Intelligent Engineering of Bacterial Genomes

Lead Research Organisation: University of Manchester
Department Name: Chemistry


The ambition of this project is to establish a generic methodology for the intelligent engineering of biological hosts for the production of high-value drugs and chemicals through synthetic biology.
The project combines three research areas pioneered by the supervising team, in a unique interdisciplinary approach: advanced genome editing; predictive computational modelling; and statistical learning strategies. It exploits capabilities in high-throughput robotics, large-scale screening and machine learning available in the participating groups.
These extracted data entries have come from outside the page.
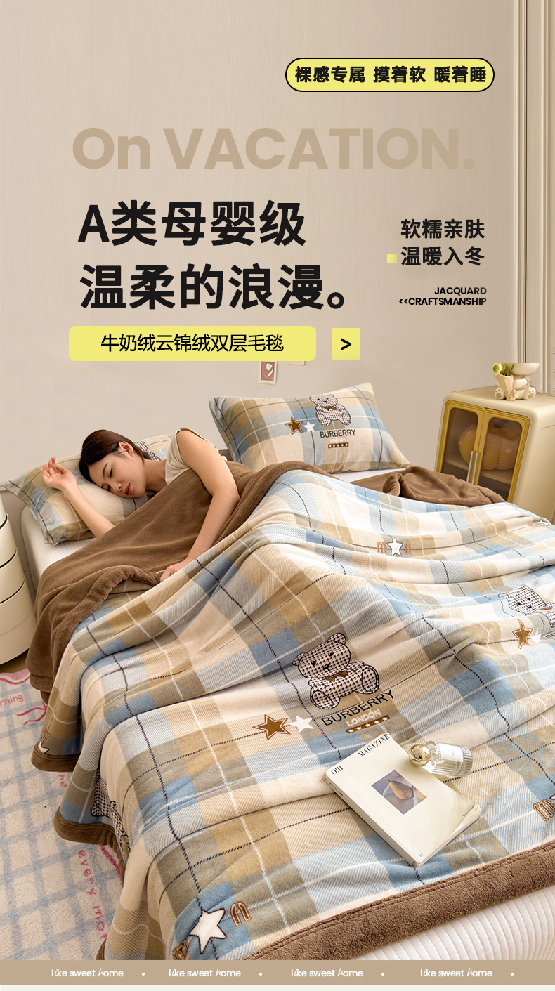 当前位置: 91家纺网 > 商品网购 > 毛毯休闲毯绒毯 > 毛毯 > 慕木家纺 2025新款高克重印花牛奶绒云锦绒双层毛毯毛毯毯子(可供跨境提供买家秀) 双层毛毯-绿格熊+咖
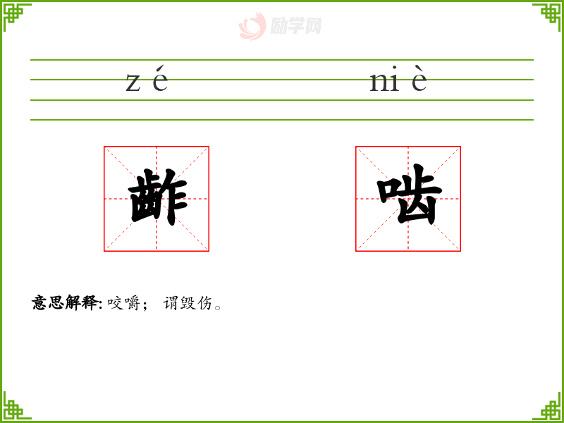 齚[ zé ] 1. 啃,咬:“饿犬~枯骨。”。 [更多解释]
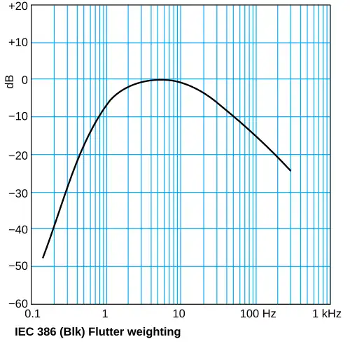 Aunque los términos "wow" (lloro) y "flutter" (trémolo) solían usarse por separado (para oscilaciones a una frecuencia inferior y superior a 4 Hz respectivamente),[2] posteriormente tendieron a combinarse, creándose estándares universales de medición que tienen en cuenta ambos simultáneamente. Los oyentes encuentran el "flutter" más objetable cuando la frecuencia real de oscilación es de 4 Hz, y menos audible por encima y por debajo de esta frecuencia. Este hecho forma la base de la curva de ponderación que se muestra aquí. La curva de ponderación es engañosa, ya que presume la inaudibilidad de los flutters por encima de 200 Hz, cuando en realidad los flutters más rápidos son bastante perjudiciales para el sonido. Un flutter de 200 Hz a un nivel de -50 db creará una distorsión de intermodulación del 0,3 %, lo que se consideraría inaceptable en un preamplificador o amplificador.
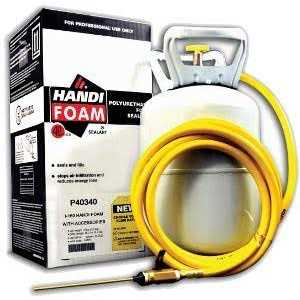 Professional polyurethane foam system saves energy.. Fills holes and blocks against insects and rodents.. Bonds to wood metal concrete brick and most plastics.. Expands 2 – 1 seals completely and is paintable.. Comes with 9-1/2 ft hose brass ball valve and a brass needle nozzle.. Tack free in approximately 10 minutes. Can be trimmed in one hour with a full cure in 24 hours. Applications – Filling voids and cracks filling gaps around pipes air sealing in retrofit and new construction. Product Note – Handi-Foam products are intended for professional use only.
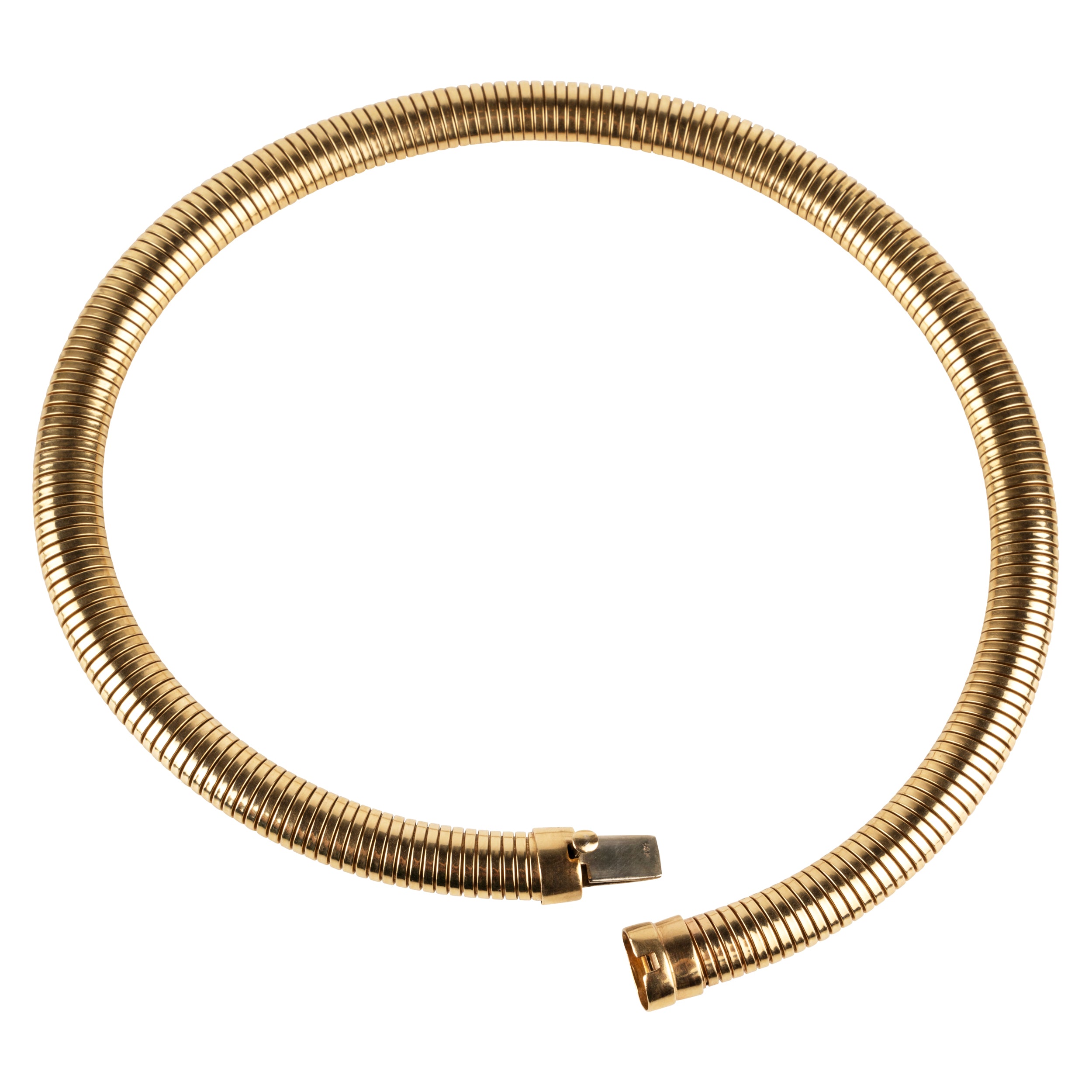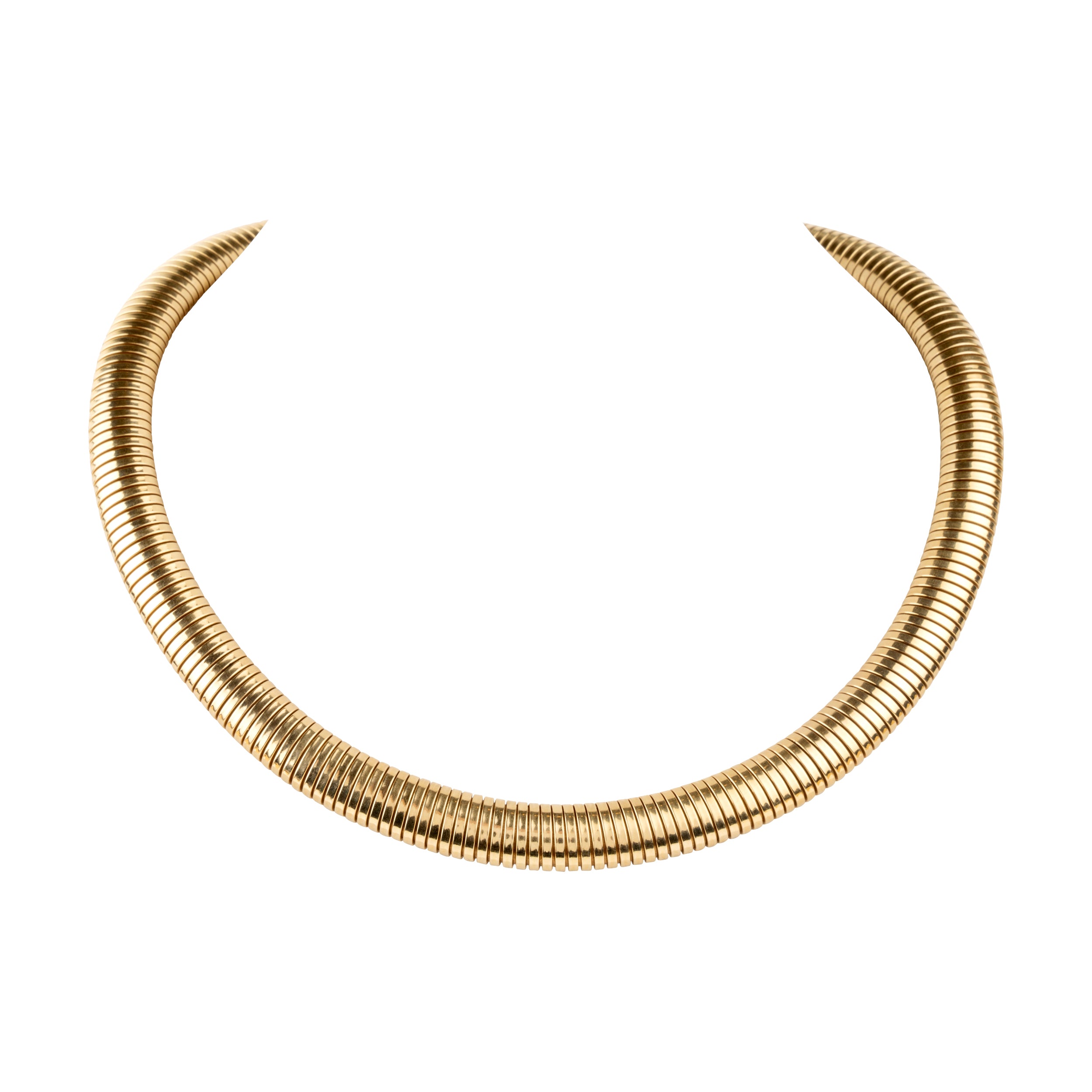 We also carry a captivating collection of retro gold collars, including retro bold gold collar necklaces from the 1940s and 1950s—a period known for its daring, sculptural designs and Hollywood-inspired flair. These vintage collars are true showstoppers, often crafted in rose or yellow gold and designed to sit elegantly at the collarbone. Their bold and confident aesthetic makes them a favorite among vintage jewelry lovers who crave drama and sophistication.
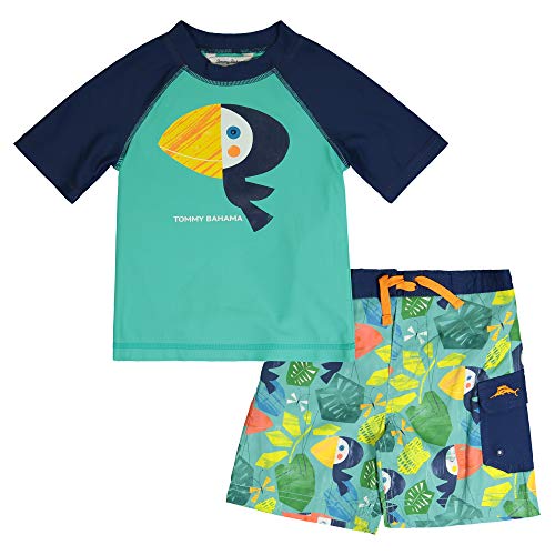These swim trunks and coordinating UV protecting swim shirt rash guard from Tommy Bahama are sure to make a splash.
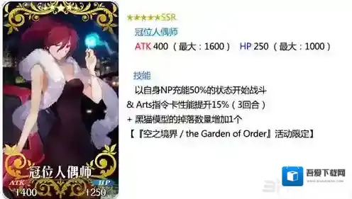 装备期间限定概念礼装「★5(SSR)老成之翁」「★5(SSR)冠位人形师」「★4(SR)歪曲之魔眼」「★4(SR)鲜艳拳舞」「★3(R)短跑运动员」「★3(R)Repeat Magic」可以让本次活动副本内掉落的活动专用道具「黑猫模型」「草莓冰淇淋」「矿泉水」的掉落数增加。
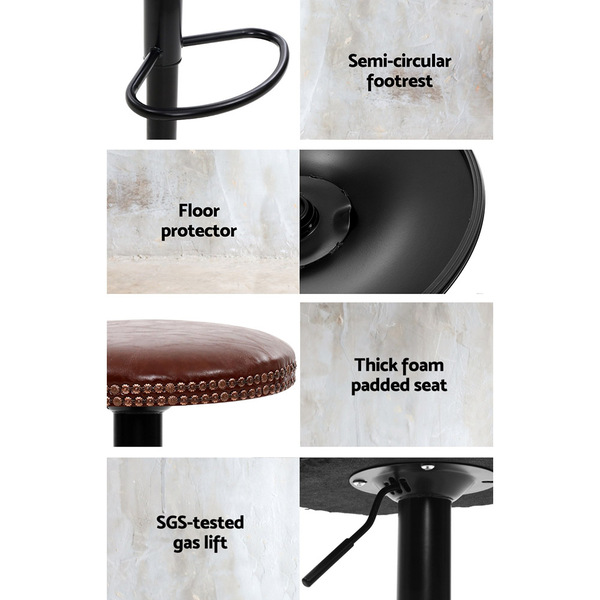 Chill out and relax with our Artiss Pierre Bar Stool. With its classic design and vintage good looks, the bar stool is must for every discerning home-proud person. Upholstered in faux leather, the bar stool also features an extra thick foam padding for ultimate comfort. The contoured wooden backrest also adds a touch of class to its inherent charisma. The semi-circular footrest ensures relaxed sitting while the omni-directional seat makes for easy turn to any facing. Better still, the height can be easily adjusted with the SGS-tested gas lift and the large base ensures stability at all times. Not least, a floor protector under the base helps to keep your pristine floor scratch-free at all times.

Strain optimization is by far the most time-consuming and expensive bottleneck in the pathway to commercialization of any compound produced by engineered microbes. An intelligent integrated approach to designing "pre-fabricated" host strains for the high-level overproduction of industrially relevant chemical classes would make a major contribution to overcoming this bottleneck and accelerating the way to market for a large number of biotechnology applications.
The application case targeted in this project focuses on creating an optimized Escherichia coli host for the efficient production of compounds of interest (e.g., antimicrobials and anticancer agents). The work will include three closely interlinked work packages, which will interact through an iterative design - build - test - learn cycle in several rounds during the lifetime of the project.
Work package 1: Establish a computational pipeline for the design of strain engineering approaches, combining both the assembly and integration of libraries of biosynthetic pathways towards the compounds of interest and the modelling of E. coli metabolism, incorporating resource allocation constraints and ensemble modelling strategies.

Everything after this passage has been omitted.